* DATA FOR PROCESSING

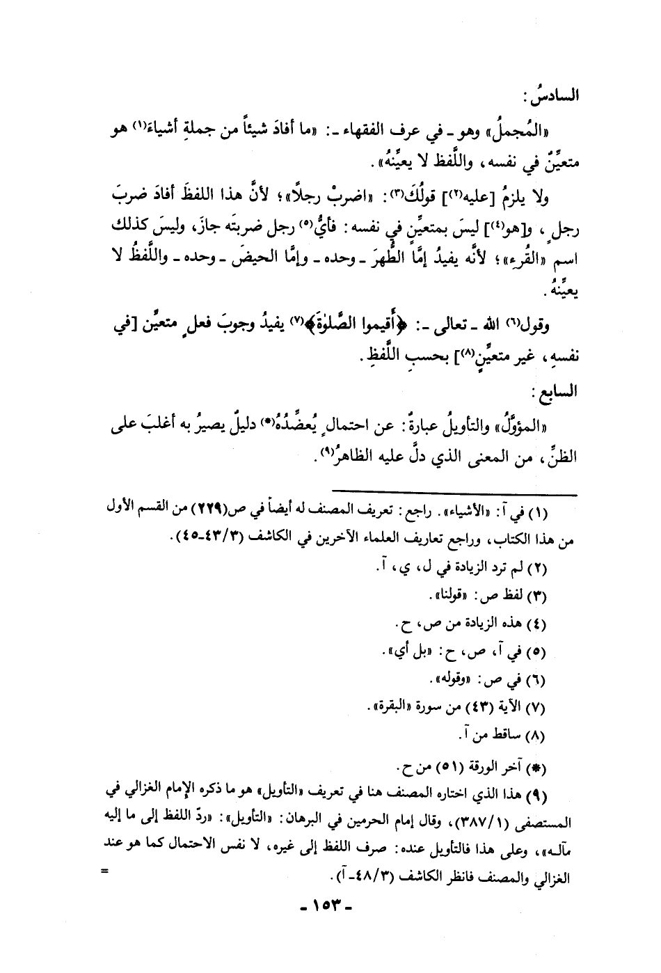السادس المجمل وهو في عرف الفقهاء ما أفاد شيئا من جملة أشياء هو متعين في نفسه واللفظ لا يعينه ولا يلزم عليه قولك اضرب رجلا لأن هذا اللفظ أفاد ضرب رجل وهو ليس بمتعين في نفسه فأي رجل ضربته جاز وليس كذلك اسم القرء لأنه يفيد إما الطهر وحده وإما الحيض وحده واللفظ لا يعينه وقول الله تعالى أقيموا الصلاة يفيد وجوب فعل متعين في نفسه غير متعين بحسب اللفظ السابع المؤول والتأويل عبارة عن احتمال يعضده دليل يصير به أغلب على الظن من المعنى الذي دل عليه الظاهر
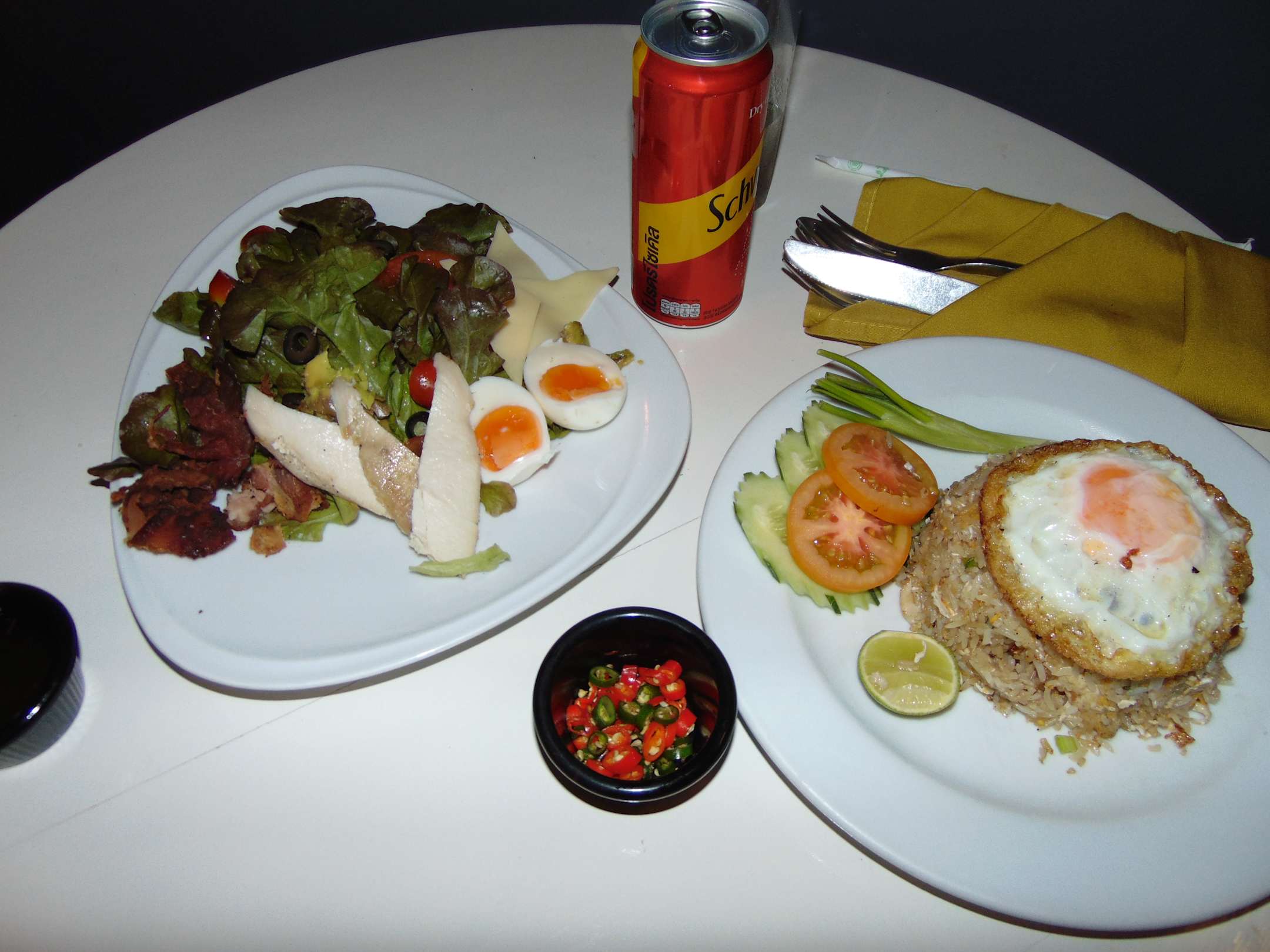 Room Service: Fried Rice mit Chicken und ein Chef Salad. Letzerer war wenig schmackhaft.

==

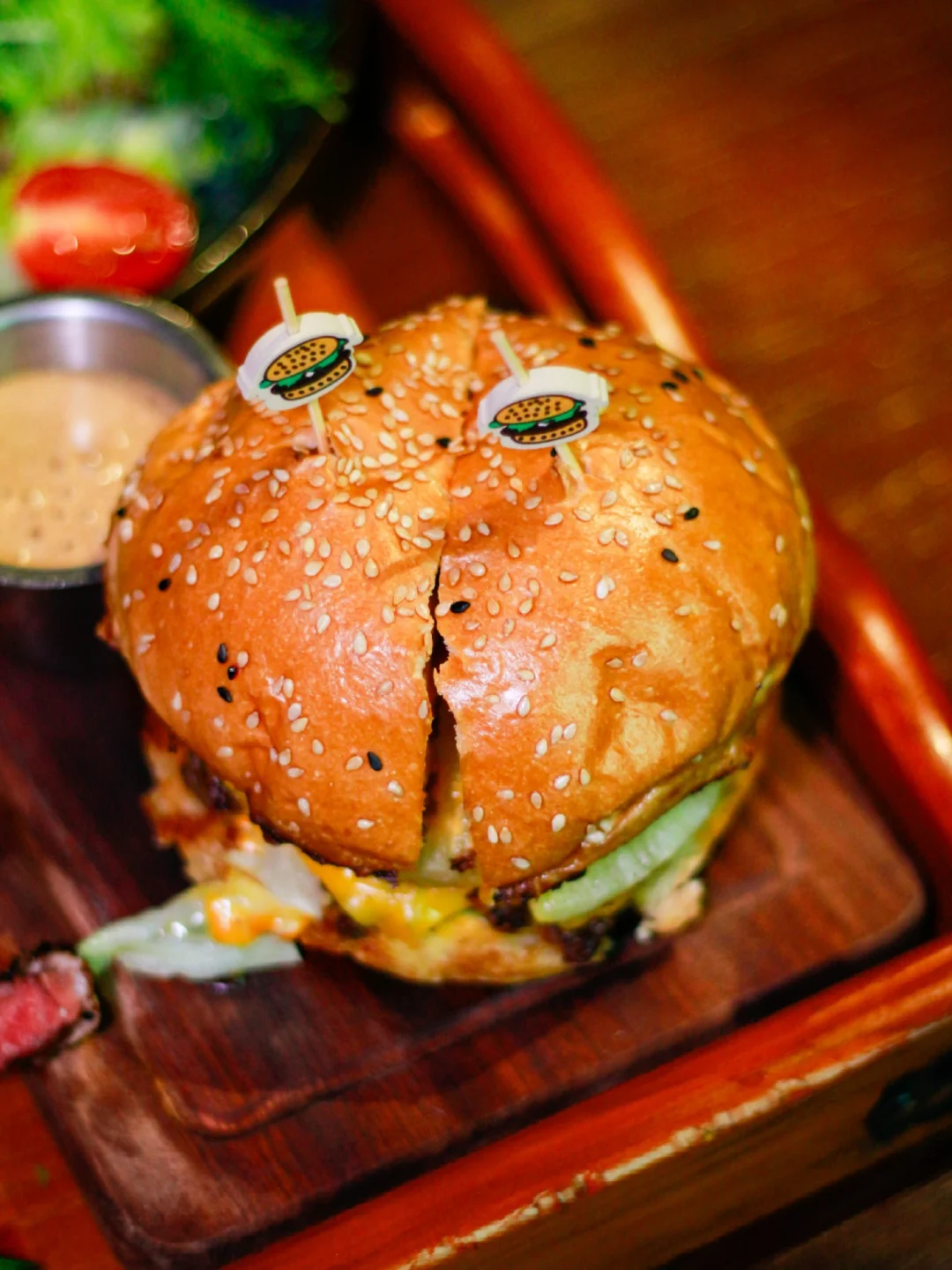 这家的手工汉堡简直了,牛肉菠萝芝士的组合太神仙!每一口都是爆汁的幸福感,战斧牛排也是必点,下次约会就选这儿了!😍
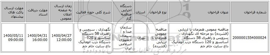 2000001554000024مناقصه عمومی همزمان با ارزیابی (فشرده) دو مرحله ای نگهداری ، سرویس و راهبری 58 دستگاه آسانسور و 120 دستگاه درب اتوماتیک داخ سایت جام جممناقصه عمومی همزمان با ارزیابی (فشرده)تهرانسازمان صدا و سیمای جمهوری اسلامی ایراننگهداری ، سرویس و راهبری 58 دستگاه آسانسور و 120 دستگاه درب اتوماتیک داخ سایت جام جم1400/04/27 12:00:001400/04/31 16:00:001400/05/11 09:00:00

* PROMPT
Above are some records; extract exactly the lines from the one containing "这家的手工汉堡简直了,牛肉菠" through the one containing "2000001554000024مناقصه عمومی همزمان" and drop the pictures.

* ANSWER SECTION
 这家的手工汉堡简直了,牛肉菠萝芝士的组合太神仙!每一口都是爆汁的幸福感,战斧牛排也是必点,下次约会就选这儿了!😍
 2000001554000024مناقصه عمومی همزمان با ارزیابی (فشرده) دو مرحله ای نگهداری ، سرویس و راهبری 58 دستگاه آسانسور و 120 دستگاه درب اتوماتیک داخ سایت جام جممناقصه عمومی همزمان با ارزیابی (فشرده)تهرانسازمان صدا و سیمای جمهوری اسلامی ایراننگهداری ، سرویس و راهبری 58 دستگاه آسانسور و 120 دستگاه درب اتوماتیک داخ سایت جام جم1400/04/27 12:00:001400/04/31 16:00:001400/05/11 09:00:00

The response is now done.